Despite what those worthy of censure may think of some of the things I have to say and despite their reflexive off-the-cuff assumptions that I might have anti-Semitic leanings concerning the large amount of Israeli and other non-Semitics posing as Sephardic by way of AshkaNAZI… I tend to take people as I find them and lose or keep them just as quickly thereafter.

Now… what I’m going to say here next may keep me from being linked at the few sites that I permit to link me because I admire them; that’s getting shorter as time goes by with The People’s Voice dropping me because my erstwhile friend there took exception to my non-Advaita outlook which… would qualify as being distinctly non-Advaita also. After all… if we’re all one then I’m him right? Well… he’s forgiven and we’ll sort that out down the road. Then The Signs of the Times stopped re-printing me, for reasons that have never been clear, given that most of their readers liked me and given that many of their readers came here after they couldn’t find me there. They’re forgiven too and we’ll sort that out down the road.

This site has never been about making money or becoming an icon that would turn out to be one more face on a passing bus next to an ad for some scotch placed next to the callipygian moon globes of some beckoning lass with tiny beads of water on the polymer pseudo-human skin. If you had the benefit of super-sensory vision you could see little green reptiles from another dimension engaging in forbidden acts on the surface of her ass.

This site is about telling you what I think and sometimes it’s about telling you things I experience that some of you don’t want to hear about.
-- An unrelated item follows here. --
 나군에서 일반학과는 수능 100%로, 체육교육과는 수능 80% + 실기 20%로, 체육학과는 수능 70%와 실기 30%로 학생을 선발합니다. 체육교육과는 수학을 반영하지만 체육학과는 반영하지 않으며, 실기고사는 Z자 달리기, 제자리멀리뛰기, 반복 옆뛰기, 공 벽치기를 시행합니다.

You’ll have to live with that. Understand that it might take me a moment to get to my point but you know that already.

First let’s go to the reason that this might not get wide circulation. Regular readers at this site know that I engage in certain shamanistic practices that have the capacity to give me the ability to see those little green reptiles and even participate, if only as a passive voyeur. On one of those occasions… actually on several occasions (over the course of several days) all associated with the same occasion, I engaged in such a ritual and spoke about it at another of the blogs. It involved a conversation between me and someone of great power. I’ve got an idea of who that was, having been on the receiving end, however we’ll attach no sobriquets for the benefit of sanity and discretion.
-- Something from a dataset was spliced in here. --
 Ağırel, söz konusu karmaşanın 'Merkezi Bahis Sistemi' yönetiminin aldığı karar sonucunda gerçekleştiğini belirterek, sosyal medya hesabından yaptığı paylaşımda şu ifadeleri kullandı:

The conversation went something like this …and it went on for hours and hours and was the same on each day that passed. Yeah… I hear voices. Actually, all of us hear voices but most of us aren’t honest enough to admit it. Ingesting amplifiers tends to increase reception. Anyway… enough with the digressions and here we go,

“I want to thank you visible for waking me up. That’s a very good thing for you since your behavior hasn’t always been what I like to see but your persistence is a marvel. So… thank you for waking me up. First I’m going to stretch and wipe the cobwebs from my eyes. I’ve been dreaming you see but I’ve also been awake. Never forget that. First I’m going to stretch and wipe the cobwebs from my eyes and then I am going to have my morning coffee. Then I am going to dispense my blessings and then I am going to open a window of forgiveness and many who do not deserve it may take advantage as they will. And after I have done this… well then, visible… I’m going to kick some ass.”

“I’m going to show up right in the middle of the evil right while it is going on and I am going to kick some ass. I’m going to catch people with their pants down and I’m going to catch them with the wrong person’s undergarments on their heads. I’m going to parade them before the world and I am going to take away everything they hold dear.”
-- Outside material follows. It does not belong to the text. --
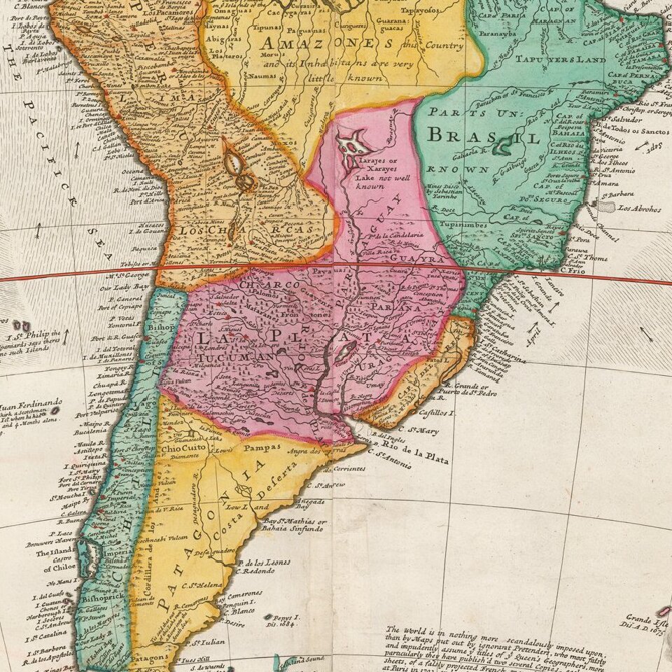 Striking large format map of South America, published by Herman Moll, one of the leading English map makers in the first half of the 18th Century.

For the sake of brevity I’m keeping the dialogue short. There was a lot more but it was all similar, oft repeated and with a constant backtracking to reinforce the impact of the sequencing. I’ve been afraid to go back again since then because I fear we are in the ass-kicking period although nowhere near it’s intensity yet.

Our boy Bernie was pretty cool. If you didn’t have a whole lot of money he wasn’t interested. So those who lost their money weren’t poor and they probably still aren’t but they got hurt bad and to be bluntly honest… I’m glad. Call it shadenfreude… call it mean. Call it whatever you like. I know how the well set up likes their money. They hold it dearer than their souls which are forfeit in the bargain. So… when I got the news and when I learned enough to have an idea of what happened, I jumped into the air and pumped my fist in the air and cried… “Yes!!! Yes! Yes! Yes! There’s going to be a few less dead Palestinians in the bargain.

Spare me all the rhetoric about these poor charities and spare me the implication that all of these charities were goyim related and how the underdog is so very much on the minds of the rich at all times. Spare me this lying bullshit. I know rich. I’ve been all around them at times and I’ve seen what they are like. This is not to say that there are not some decent people with money but they would be the exception. This is sad but true and when they do give it’s from all consuming guilt and fear of the unknown; the desire for some salvage of reputation or has more strings attached than Malawi has mosquitoes.

Brother Bernie gave me a Christmas present and I am truly grateful. And even though, as it appears… most of the money, like most of the money most of the time, found its way to the world’s number one terrorist nation on Earth, I am still really grateful that there is no honor among thieves.

I’m sick and tired of .0025% percent of the world’s population controlling most of the world’s wealth. The time has come for them to learn a lesson and it is coming full bore. People tell me here that I should be utterly equanimitous and people tell me I should be Jesus Christ and Buddha and every kind of human doormat simultaneously but I’m just some guy whose primary beef is the perception of ongoing injustice and brutality and I don’t like bullies and I don’t care for liars and thieves either.

I understand why so many people kiss the asses of their perceived betters in hopes of a greater portion of the crumbs that fall from the table but …that ain’t me babe. I’ll starve first. You’d pretty much have to strap me in irons forever because that’s how long I would wait.

Thank you Bernie for being an unprincipled sleaze and for all that you have done to make my Christmas a merry one. Thank you for hitting the rich where it hurts and thank you for destroying yourself at the same time. I know you’re going to take the midnight train to Israel pretty soon but… son? You done good.

Oh… this just makes me feel the spirit of the season. I know it’s shameful. I know it diminishes me. I know more people won’t like me even more now but… I like the way I feel at the moment and it has just begun. Don’t go thinking Armageddon is just some ‘one size fits all’, iron maiden suit. Armageddon is a selective thing and just as capable of good fortune as bad.

I’m an optimist and maybe that’s because I never wanted the things everyone else broke their lives on the wheel of desire for. I just wanted justice …and baby… justice is on the way. Thank you Bernie and Merry Christmas!

Underground (we shall all be)

--MORE--"

Note: I tried to leave a comment but something wrong with his comments. Thought blogger would automatically pick me up. I'm logged in. Then word verification gives me no word?
Anyway, what I would have left for visible is this:

"I just wanted you to know you will always be afforded space on any blog I administer. I find your writings poignant, perceptive, and poetic, and they often span my entire range of emotions. I find myself applauding, angry, elated, dejected, inspired and countless other adjectives. Your work is greatly appreciated, so stay in their pitching (shoes?)! Few writers are able to invoke the range of feelings you do, from "rage to sadness, laughter to tears, solitary and audible exhortations of affirmation --damn right! -- and, yes, even moments of desperate denial," as well as capturing the essence of whatever issue you decide to address. I always give you the full mirror treatment (with link), and I alter your titles somewhat, "not out of disrespect, but respect at the unexpected and prescient phrases, themes, and ideas that catch my eye" -- a disclaimer I frequently apply to your posts. Again, thx for being out there. We'll always find you!"